One of the dolls in the glass cabinet wears the first official student dress complete with handkerchief hats, while the other wears matron Sophie Mannerheim's uniform. Sophie Mannerheim became matron at the Surgical Hospital in 1904 and acted at the same time as headmistress of the student dormitory until 1928. The room includes Sophie Mannerheim's desk pad donated by the Mannerheim family.
Near the window, there are photos of foreign nurses and teaches with whom the staff corresponded in the early years to get new ideas on how to develop nursing education in Finland. There is also a self-portrait donated by Florence Nightingale.
The teacher's room contains the original furniture from the 1940s and 50s. The room presents, among other things, the decades of extensive international work done by the teachers. The shelves contain teaching material used since the early 20th century and atlases and other teaching equipment.
The Museum was expanded in the 1990s. A photo exhibition was put up in the corridor, showing major milestones in nursing education since 1889. Cupboards along the corridor contain items used in teaching, and the glass cabinets contain dolls wearing student, nurse and matron uniforms and a Women's Auxiliary Corps uniform. There are also photos from the days when the nursing college building, right after it was completed, acted as a war hospital in 1939. It was not until 1946 that the nursing students and the college got into the building.
The photos also depict, among other things, how the institute housed female athletes in the 1952 Helsinki Summer Olympics, and of the earliest stages of the hall of residence and the college.
The college operated as a boarding school until the late 1960s. The student's room, usually for two students, contains the original furniture from the 1940s and 50s. The room also presents student life at the time.
Tyyne Luoma´s study
The nursing institute's long-time teacher Tyyne Luoma bequeathed her study to the institute. It was transferred in 1994-1995 to the Museum. The room contains photos of nursing courses which Tyyne Luoma taught. The cupboards also contain public health nursing material.
Public health nurses´s room
The public-health nurse's room contains furniture and equipment from the 1940s and 50s. It gives a good idea of what the nurse did and what kind of teaching material was used in health education. The room also displays material used in public health nurse training.
Midwifery training began in Turku in 1816 and was transferred to Helsinki University in 1833. Metropolia's midwifery training represents and carries on the traditions of this training. The midwife's rooms contain exhibits, books and documents that describe midwifery and midwife training since the 18th century. There are also five dummies in old midwife uniforms.
The patient room was used by the students when they got ill when the college was still a boarding school. The room contains the original furniture from the 1940s and 50s.

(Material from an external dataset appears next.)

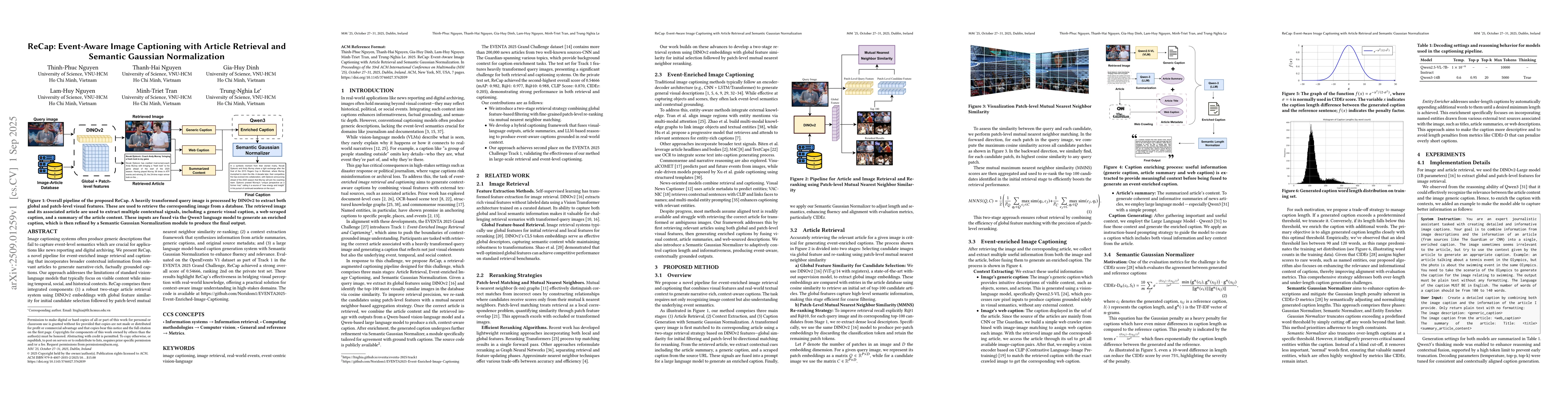 Image captioning systems often produce generic descriptions that fail to capture event-level semantics which are crucial for applications like news reporting and digital archiving. We present ReCap, a novel pipeline for event-enriched image retrieval and captioning that incorporates broader contextual information from relevant articles to generate narrative-rich, factually grounded captions. Our approach addresses the limitations of standard vision-language models that typically focus on visible content while missing temporal, social, and historical contexts. ReCap comprises three integrated components: (1) a robust two-stage article retrieval system using DINOv2 embeddings with global feature similarity for initial candidate selection followed by patch-level mutual nearest neighbor similarity re-ranking; (2) a context extraction framework that synthesizes information from article summaries, generic captions, and original source metadata; and (3) a large language model-based caption generation system with Semantic Gaussian Normalization to enhance fluency and relevance. Evaluated on the OpenEvents V1 dataset as part of Track 1 in the EVENTA 2025 Grand Challenge, ReCap achieved a strong overall score of 0.54666, ranking 2nd on the private test set. These results highlight ReCap's effectiveness in bridging visual perception with real-world knowledge, offering a practical solution for context-aware image understanding in high-stakes domains. The code is available at https://github.com/Noridom1/EVENTA2025-Event-Enriched-Image-Captioning.

The library gives a good idea of nursing education material right from the early days of nursing training in Finland. The oldest material dates back to the 19th century.
The museum's kitchen cupboards contain some of the old china in the college.
The orderly's room contains furniture from the 1950s.
In 2005-2006, an exhibit and lecture room was built and equipped with modern furniture and equipment.
In the 1980s and 90s, the design and planning of the Museum and the collection and listing of exhibits was in the hands of a museum committee consisting of the lecturers, assisted on a voluntary basis by public-health nurse Kaija Viitanen. Old documents were archived by lecturers Helena Hukka and Eeva Kujala. Lecturer Leila Simola developed the museum and worked as a volunteer until 2009. The Museum's staff archive was handed over to National Archives researchers in 1998.
Today the museum is run by lecturer Anna-Kaisa Pienimaa together with volunteer workers Inkeri Havu, Pirkko Kiianheimo, Eeva-Liisa Laine, Tuula-Aulikki Oksanen, Sirkka Paavilainen-Wiherheimo, Leena Pohjakallio, Irja Savolainen and Riitta Vuopio.